**WHAT TO WORK ON:** Print, word for word, the opening line of the data below and every line after it through the line that contains "Nel’iconografia presepiale italiana", but not the pictures.
=== SOURCE MATERIAL ===
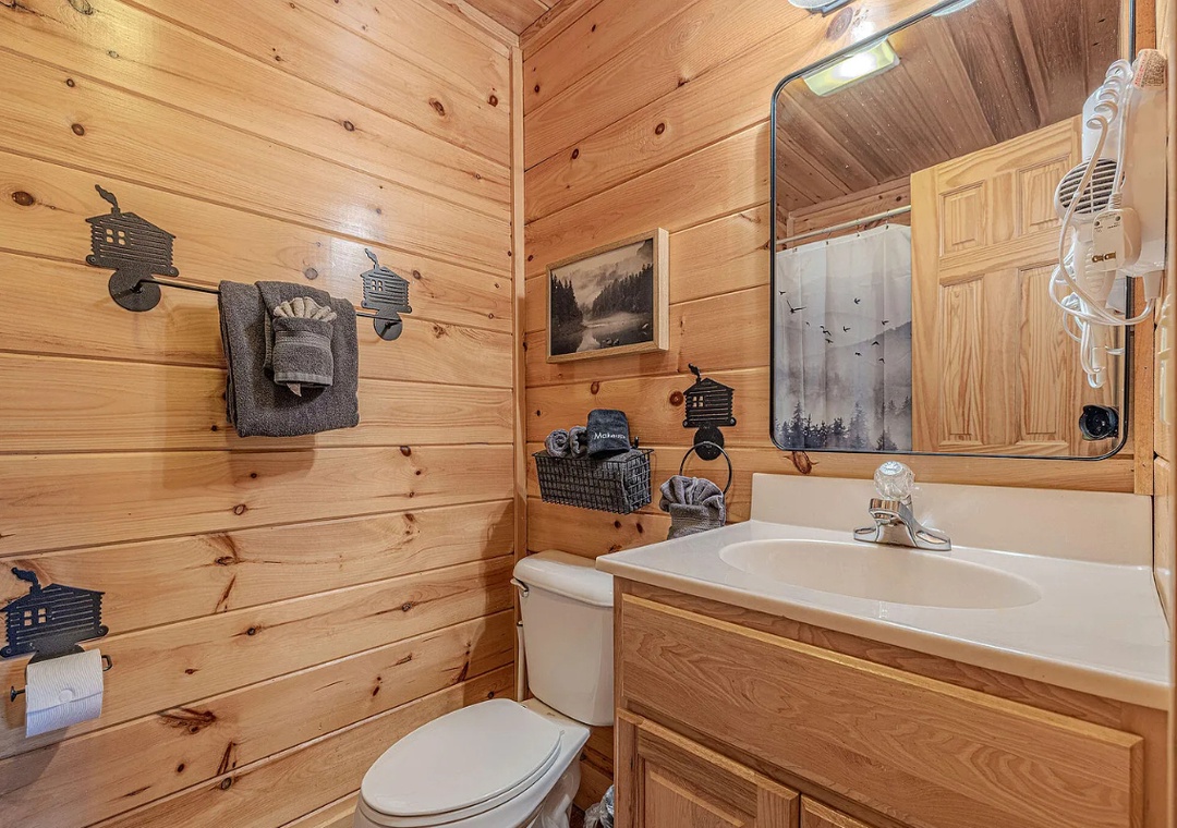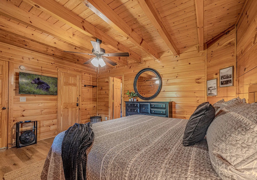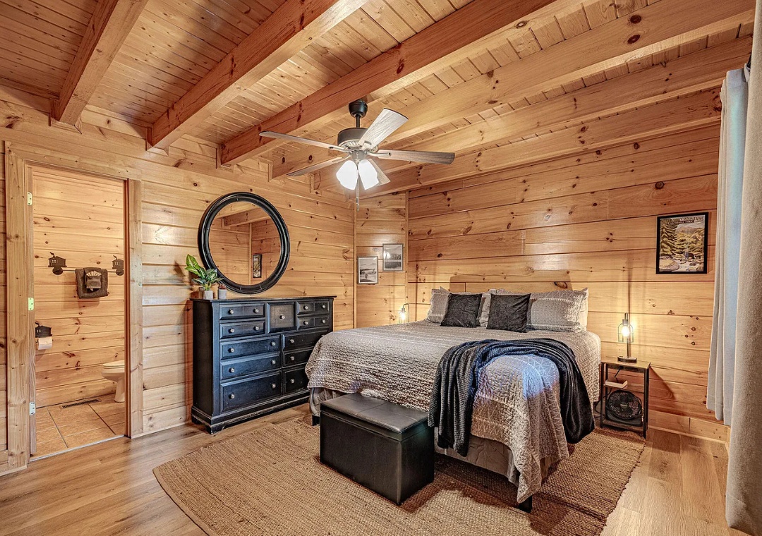 Both bedrooms are impressively spacious private retreats, each with its own full ensuite bath for the ultimate convenience and privacy. The rooms are thoughtfully arranged to give guests plenty of room to spread out and settle in, offering peaceful spaces to recharge after exploring the Smokies. In addition to the bedrooms, the enormous loft provides even more room to relax, play, or sleep, making the cabin a wonderful choice for families or groups seeking comfort without compromise.
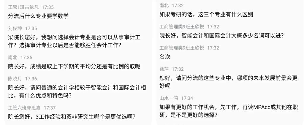 自2019年以来,会计学院开始工商管理大类招生,学院秉持“志愿优先,成绩参考”的原则在大二时选择会计学、审计学、财务管理专业,其中会计学专业分中国注册会计师、国际会计、智能会计、会计学四个方向,因此专业如何选择就成了大一新生和新生家长密切关注的问题。此次讲座,梁运吉从各专业人才培养方案的课程设置、各专业的背景及特色、学生如何进行专业选择进行了清晰地讲解。会议最后,梁运吉解答了学生提出的问题以及各个专业目前就业情况。学院21级学生纷纷表示,在疫情形势严峻的当下,学院为21级学生解答了自己最关心的专业选择问题,通过了解自身优势明确了如何选择适合自己的专业,确定了近期的学习目标,找到了职业规划方向。
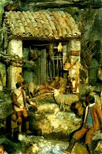 Nel’iconografia presepiale italiana più raramente si trovano, rispetto ai paesi d’oltralpe, ambientazioni che hanno come tema episodi anche precedenti alla nascita di Gesù:
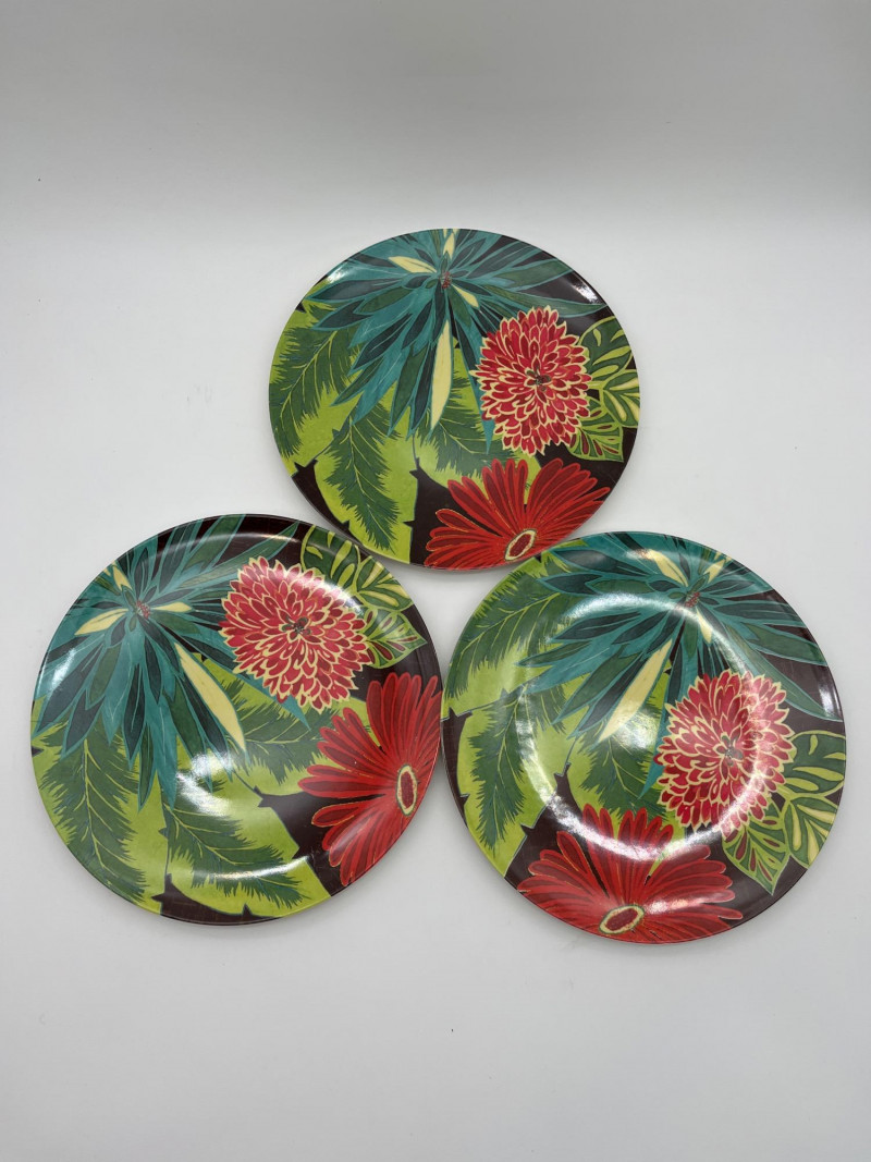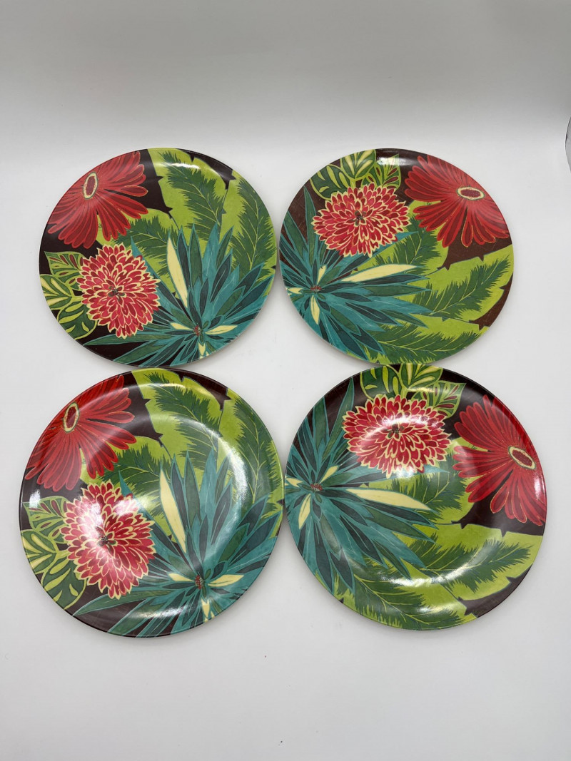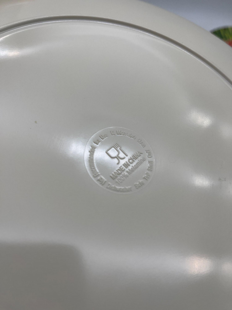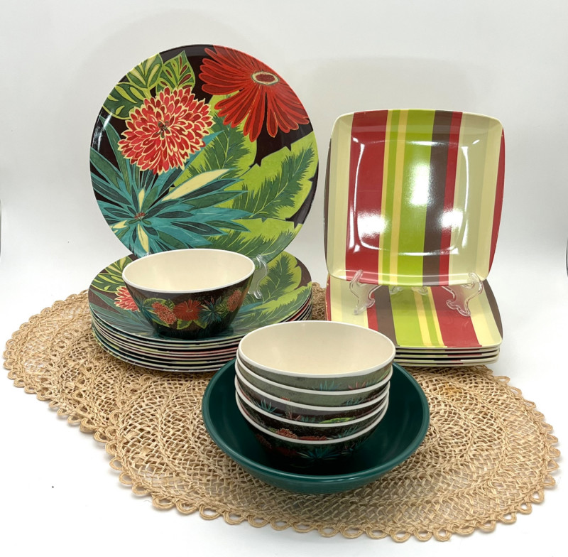 Tropical Themed Melamine Dish Set with Four Natural Fiber Place Mats Melamine is a plastic that is perfect because of it's durability, hot/cold resistance, and the fact that it is lightweight. I Great for outdoors, kids, and everyday use. This set includes 10 dinner plates, 6 cereal bowls, 6 square salad plates, and one serving bowl. The pattern design is worn on a few pieces but there are no chips or cracks in the melamine.
===
**EXERCISE OUTPUT:**
 Both bedrooms are impressively spacious private retreats, each with its own full ensuite bath for the ultimate convenience and privacy. The rooms are thoughtfully arranged to give guests plenty of room to spread out and settle in, offering peaceful spaces to recharge after exploring the Smokies. In addition to the bedrooms, the enormous loft provides even more room to relax, play, or sleep, making the cabin a wonderful choice for families or groups seeking comfort without compromise.
 自2019年以来,会计学院开始工商管理大类招生,学院秉持“志愿优先,成绩参考”的原则在大二时选择会计学、审计学、财务管理专业,其中会计学专业分中国注册会计师、国际会计、智能会计、会计学四个方向,因此专业如何选择就成了大一新生和新生家长密切关注的问题。此次讲座,梁运吉从各专业人才培养方案的课程设置、各专业的背景及特色、学生如何进行专业选择进行了清晰地讲解。会议最后,梁运吉解答了学生提出的问题以及各个专业目前就业情况。学院21级学生纷纷表示,在疫情形势严峻的当下,学院为21级学生解答了自己最关心的专业选择问题,通过了解自身优势明确了如何选择适合自己的专业,确定了近期的学习目标,找到了职业规划方向。
 Nel’iconografia presepiale italiana più raramente si trovano, rispetto ai paesi d’oltralpe, ambientazioni che hanno come tema episodi anche precedenti alla nascita di Gesù:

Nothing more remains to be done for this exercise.